Norman Lowe: Mastering Modern World History

world-history-norman-lowe
Good

  1. Like the “new” NCERTs, it contains many textboxes, cartoons, food for thought type questions.
  2. Separate section on Decolonization.
  3. Tries to summarize every topic/heading under 1-2 paragraphs.
  4. Chapters start with ‘summary’ of events that gives you the foundation. (although not so import if you’ve already gone through the Old NCERTs, available on Mrunal.org/history)
  5. Separate chapter on UN and its organs. Good for IR under GS2.

Not-so-good

  1. Directly starts the book from the causes of First World War. The events before that era (industrial revolution, imperialism etc.) are not given proper coverage for UPSC.
  2. Many pages gone in USA after 1945, Cold war, fall of Russia, Vietnam War, China under Mao etc. While they’re good read but not so relevant for Mains syllabus.
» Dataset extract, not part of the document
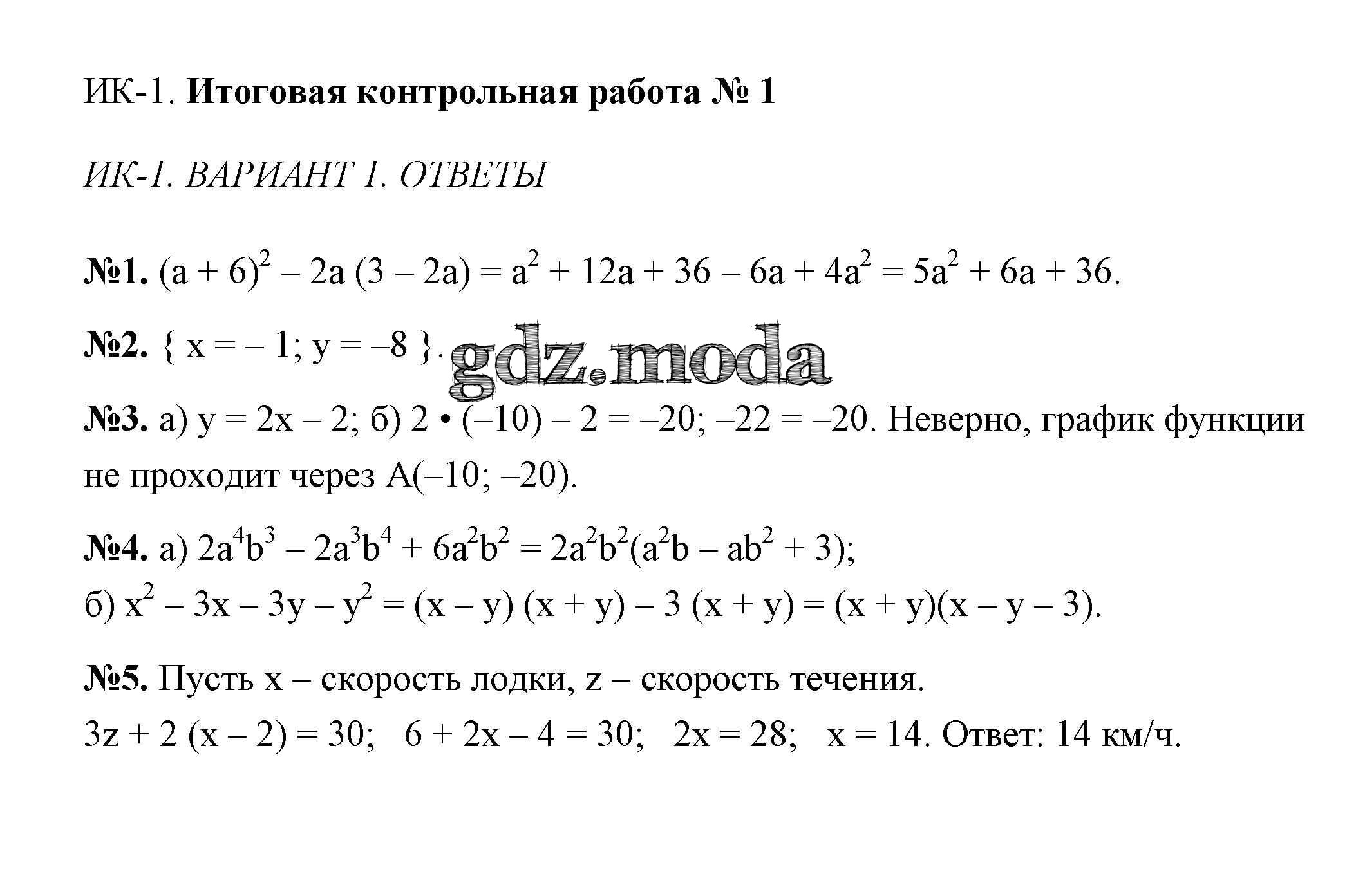 ГДЗ решение к заданию № ik-1 Алгебра 7 класс дидактические материалы Звавич Л.И. Просвещение 2012 ФГОС бесплатно на гдз.мода!

Although, these are not ‘criticisms’ because Norman Lowe did not write the book for UPSC exam. He has written it for British Exams.

Arjun Dev: History of the World

world-history-arjun-dev
Good

  • Tries to give you an overview of the World history without boring with lot dates names and numbers.
  • The wisdom is ‘condensed’ in a few pages- similar to Mohit Bhattacharya’s book on Public Administration.
  • Thinnest among the given three books=less stress on mind.

Not-so-Good

  1. Like Norman Lowe’s book, this too hasn’t given proper coverage to pre-WW1 topics: industrial revolution, imperialism etc. from UPSC point of view.
  2. ~100 out of 275 pages are allotted to “World after 1945”= More than 1/3rd of the book is not much relevant for the GS1 syllabus, except the scattered points for Decolonization in that chapter. Besides you can get the same topics from NCERT and NIOS’s political science textbooks.
  3. Same Professor wrote the Old NCERT Class 10 world history (Story of Civilization Part II) so this one feels like Dabangg two. I liked the original better.

FAQ

Why should I participate in this competition, there are only three books and probably hundreds of contenders? The probability to win a prize is very low. Why should I share my knowledge with others? I think this is a waste of time!

You haven’t really understood a topic, unless you can fluently explain it to others without boring the hell out them. So if you try to write an exam-oriented revision friendly article, you’re improving your own preparation of that topics. Besides, all good entries will be put in a zip file and shared with everyone=you’ll be getting a big pile of free notes anyways- and it’ll have more important data for exams than the three award books listed here! click me to see September month’s zip file

How can I know there will be no nepotism?

  1. I’ve asked my allies and friends not to participate in this competition. (Although that too runs on a good faith that they’ll not submit articles under fake names!)
  2. I’ll shortlist the top 10-15 entries. Show them to a few senior players of UPSC, and with their ‘jury’ service, the top-3 Winners will be decided.

Is my personal information safe?

Yes, some people hold stupid competitions to gather your personal info, then sell your email id and phone number to those tele-marketing companies, bogus MBA colleges and insurance sellers. But I assure you that I won’t do it.

Before uploading the zip file, I’ll remove your address/mail/contact number.